Answer in Analytic Geometry for Sam #53932

Question #53932

Find the standard form of the equation of the parabola with a focus at (0, 6) and a directrix at y = -6.

Answer on questions # 53932-Math-Calculus

Find the standard form of the equation of the parabola with a focus at (0, 6) and a directrix at $\gamma = -6$ .

Solution:

Since directrix is a horizontal line, this is a regular vertical parabola, where the x part is squared.

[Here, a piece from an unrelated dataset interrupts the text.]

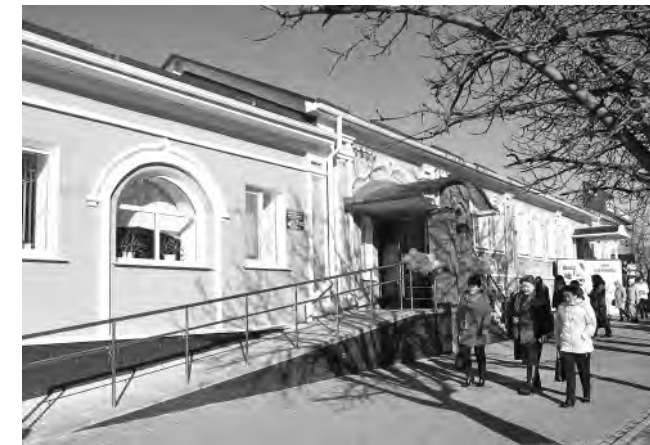
Так выглядит обновлённое здание библиотеки.

Участники торжества, а это были в основном библиотекари и юные читатели, вошли внутрь и убедились, что все помещения соответствуют требованиям, предъявляемым современному детскому учреждению культуры. Каждый читатель найдёт здесь занятие по душе. Вместе с абонементом и читальным залом в библиотеке появился зал сказок с элементами экозоны, территория для занятий

The equation of a vertical parabola is:

(x - h)^2 = 4p(y - k)

where, $(h, k)$ - are the coordinates of the vertex; $p$ = distance from the vertex to the focus.

So, we need to find out $h$ , $k$ and $p$ and plug those values in our equation.

We know that the vertex of a parabola is halfway between focus and the directrix.

We know the focus (0,6) and directrix $y = -6$ . Therefore, vertex $(h,k) = (0,0)$ .

Now, $p$ = distance from the vertex to the focus = distance from the $(0,0)$ to the $(0,6) = 6$ .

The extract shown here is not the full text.